September 2nd, 2010 10:05pm Report this comment

Alex Massie writes:

-- Chances are that you were more concerned by him then than you now pretend.

No - and there is no pretence about it. It is precisely because of unexpected consequences that human-rights organizations tend not to suggest war as the answer to human-rights problems. Thre would be a lot of people alive right now had the US spent one trillion dollars on healthcare between the Nile and the Congo than warfare by the Euphrates.

Spencer Ackerman has a tragic suggestionfor the quote of the decade in Iraq:

http://tinyurl.com/289pxy9

There is a message there for those who seek to perpetuate the GWOT.

Snowman

September 2nd, 2010 10:05pm Report this comment

given Britain’s colonial past in Africa (in Rhodesia in particular), would any British politician ever contemplate kicking out Mugabe, or any other tin-pot dictator for that matter? That’s the reason for letting the Zimbabwean unwashed suffer, and not the country’s inaccessibility and stuff. Get real, Alex.

and another thing: if you ever believed that Saddam was a threat to you in the Borders you should consult a psychiatrist.
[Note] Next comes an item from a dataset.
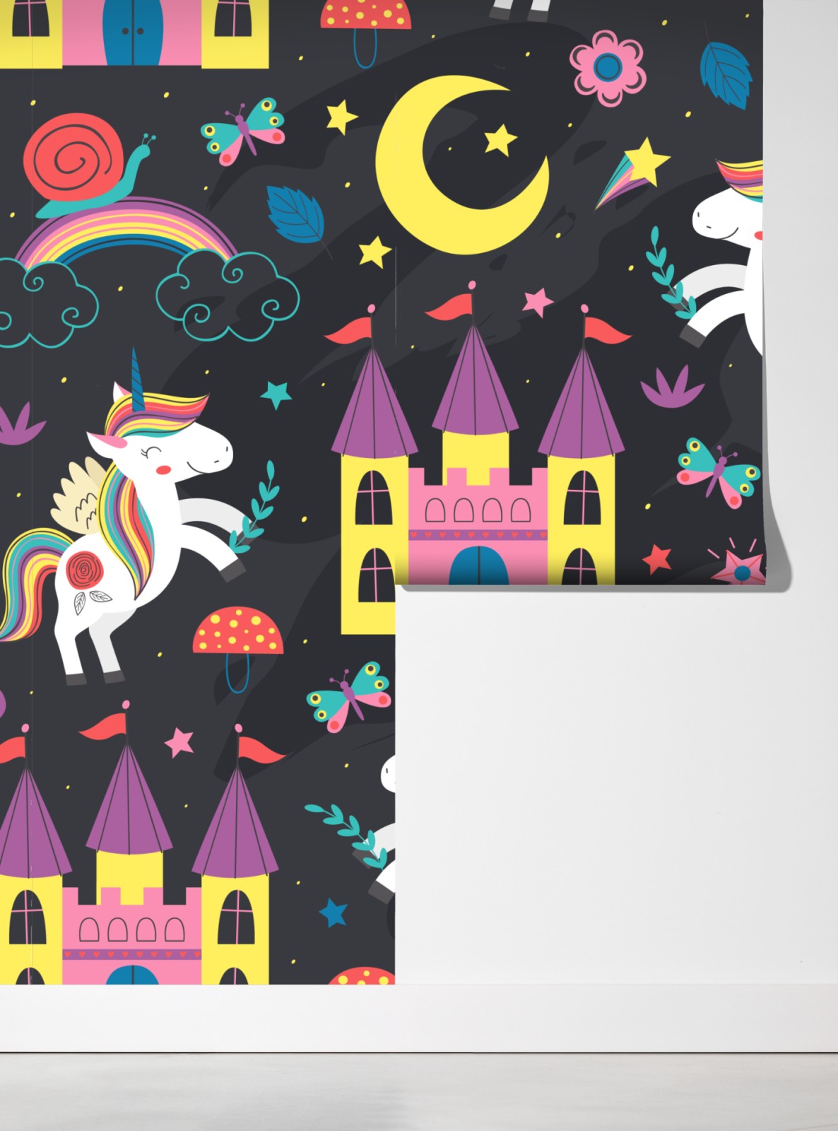 buntes und märchenhaftes muster mit einhörnern, feen, regenbögen und schlössern zur verschönerung des kinderzimmers.

A threat to the Iraqis and neighbours, certainly, to British interests, perhaps, to you and me, never.

David Bouvier

September 2nd, 2010 10:42pm Report this comment

I think it means what it says - which is that many of the surrounding countries were content for Saddam to be deposed by force. If you read the background materials not the headlines it becomes clear.

Augustus

September 2nd, 2010 10:59pm Report this comment

Obviously, there is a genuine concern for Zimbabwe, and the way Mugabe and his henchmen have ruined the economic and political structure of a once productive country, with fertile soil and enormous mining riches. But the symbolic power of the collective experience of colonialism is still very great on the continent of Africa,
and Mugabe's nativistic victim ideology still curries considerable favour. Nowhere
more than in Zimbabwe do Africans feel a heartfelt desire to 'know themselves', to recapture their own destiny, and to belong to themselves in the world. Perhaps Mugabe's genius has been ensuring that what is a legitimate desire for black liberation
can be manipulated to sanction his every ignoble move.

Baron

September 2nd, 2010 11:34pm Report this comment

what is it that fuels the fertile pseudo-liberal brain of yours?
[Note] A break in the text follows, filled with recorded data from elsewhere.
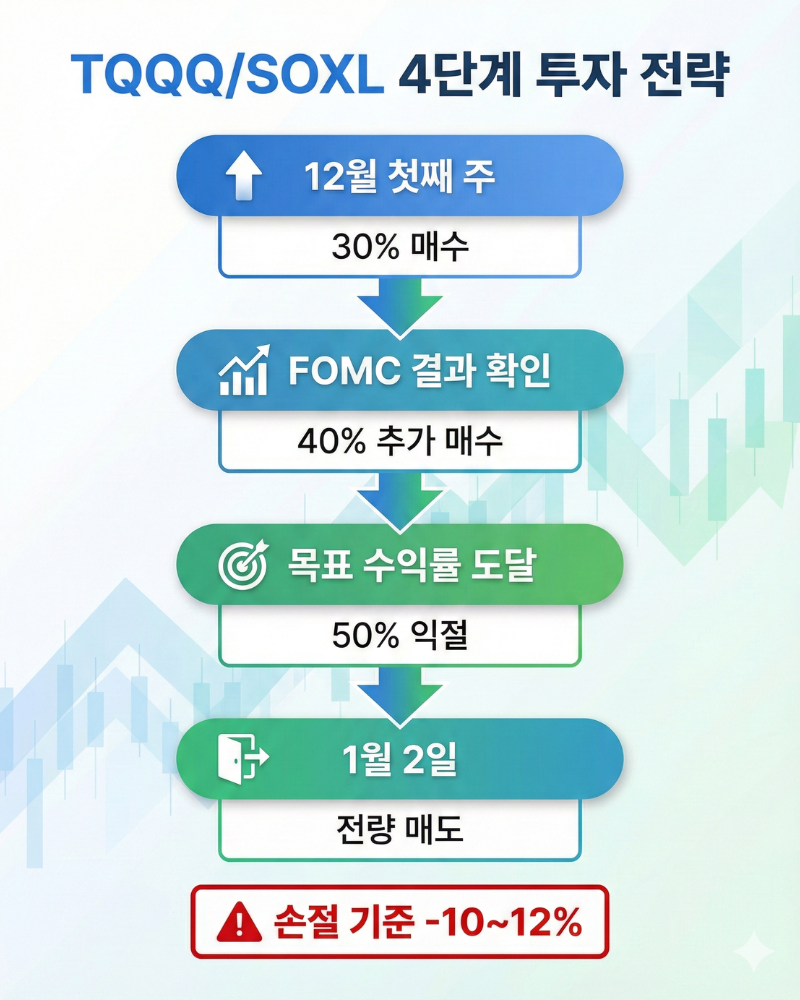 ✅ TQQQ/SOXL 12월 투자 전략 4단계 플로우차트
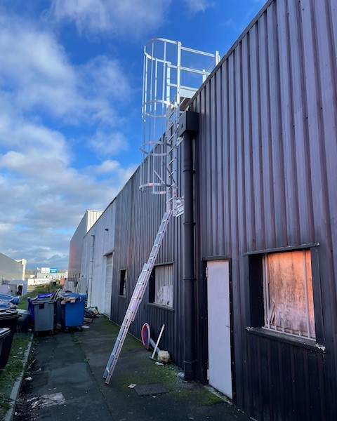 L’équipe du Mans à réalisé la pose d’une échelle à crinoline en aluminium, avec un accès par une échelle coulissante et un passage d’acrotère avec sortie sur une passerelle. L’ensemble à été posé sur du bardage.
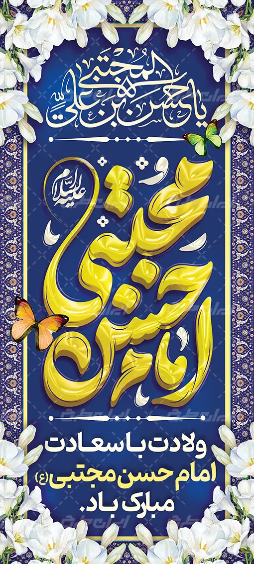 طرح بنر ولادت امام حسن مجتبی (ع) شامل:

in a recent blog you’ve opined that the stoning of adulterous women in Iraq was a personal tragedy, here you are suggesting that quashing Saddam’s rule was a ‘human rights’ issue. By the same rationale, I take it that Adolf’s gassing of the Jews falls into the same ‘uman rights’ slot. There also would be around 60 millions alive today if Winston were to give in to the Austrian corporal’s demands. Of course, they and many others would also be all speaking German, greeting each other ‘Sieg Heil’, and labour like slaves without any ‘uman rights, but that’s OK with you, is it?

maddy1

September 3rd, 2010 5:39am Report this comment

The great thing is that the Massies of this world do not have to live under black leadership. The Rhodesians were brilliant farmers, innovators but mutch too pragmatic for their own good.

Rhoda Klapp

September 3rd, 2010 9:33am Report this comment

The old principle used to be that you did not interfere in a foreign country's business absent threats to your own citizens in that country or to the nation's vital interests. There is no moral dimension, because that is the way of confusion, relativism and ultimately madness.
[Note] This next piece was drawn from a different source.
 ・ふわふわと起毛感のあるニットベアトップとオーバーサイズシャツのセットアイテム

If only that principle had held in the Blair era.

Baron

September 3rd, 2010 10:40am Report this comment

the hastily cobbled up posting of mine at 11.34 was addressed to ndm @ 10.05.

Anonymous

September 7th, 2010 5:00am Report this comment

While a joint US-UK invasion of Zimbabwe, to kick out Mugabe would have been nice, it is not as practical as Alex makes it out to be. Although Blair’s assertion that the surrounding countries would have prevented an invasion is absurd, it still doesn’t seem practical.